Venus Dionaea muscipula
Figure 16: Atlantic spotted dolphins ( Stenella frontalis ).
==
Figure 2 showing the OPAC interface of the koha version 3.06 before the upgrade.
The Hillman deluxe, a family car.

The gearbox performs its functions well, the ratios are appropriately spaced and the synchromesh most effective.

◆ What is needed
Here the output must be the lines above from the line with "The Hillman deluxe, a family car." to the line with "The gearbox performs", both included, duplicated word for word and nothing else.

◆ Exercise response
The Hillman deluxe, a family car.

The gearbox performs its functions well, the ratios are appropriately spaced and the synchromesh most effective.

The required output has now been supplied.